Chief Justice Francis S. Korkpor has urged judges to live above reproach and stop using the court as a place to get rich or for money making.
Justice Korkpor made the statement at a ceremony where Magistrate Nyan Ben turned over the Ganta Magisterial Court to his successor, S. Yarlor Saywon as the new stipendiary magistrate.
“Don’t take bond fees from anyone standing trial or as a means to intimidate those seeking justice,” he said.
Korkpor, who was very frank in his deliberation at the ceremony, urged judges to use the resources they have in discharging their duties, rather than take money from people who are seeking for justice from them.
Although he did not point to any punishment for judicial malpractices, he admonished them to be strong and do things according to the law by helping the people get just justice.
“If you do the right things and people thank God for your sake, that alone will make you to live long and be respected in the community,” he said.

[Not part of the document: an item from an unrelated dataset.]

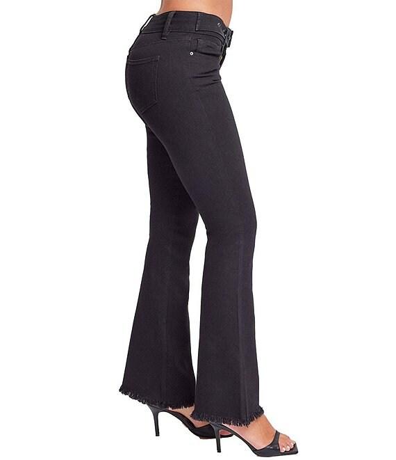YMI Jeanswear Low Rise Frayed Hem Buckle Flare Jeans

The Ganta Magisterial Court is one of the leading courts in Nimba County but with limited manpower and space for the court, said outgoing Nyan M. Ben. The Chief Justice said it will be taking care of.
The outgoing Stipendiary Magistrate Ben served Ganta for four years, something the Chief Justice said it was too much for a judge to stay in one community for such they will get accustomed to the people.

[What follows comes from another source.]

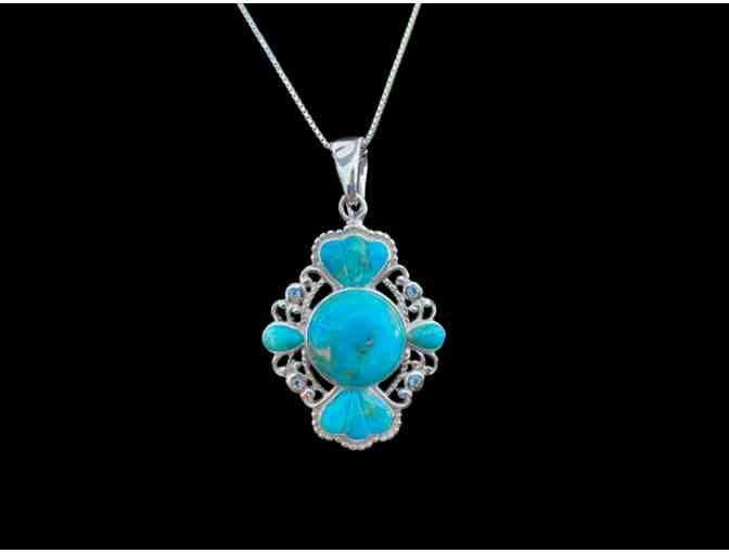 Go all out in this 16mm Turquoise and Topaz accent Pendant, in sterling silver.

The incoming Yarlor Saywon, II assured the public of a good working relationship and called for cooperation from the citizens and all party litigants.
Magistrate Saywon served as principal for both Yini High in Ganta and later at Tappeh Memorial High in Tappita. He also served as teacher John Wesley Pearson High School in Ganta and again as Superintendent of Nimba from 1999 to 2001.
Chief Justice Korkpor explained that his reason for endorsing the turning over ceremony is because Ganta is one of the cities in Liberia with people of diverse backgrounds.
“In so doing,” he said, “I am here to sound some warning against some of the judicial malpractices in the court.”
He also warned citizens to respect the law of this country and must give the judiciary a chance to discharge their duties. “Don’t take the law into your own hands, by assaulting those who are accused of wrongdoing. In fact, don’t carry on a mob action,” he said.
“Don’t try the people in a mob court, seek court’s remedy and respect the view of the court, but if you are displeased with the court’s decision then you must appeal to the high court for redress,” he said.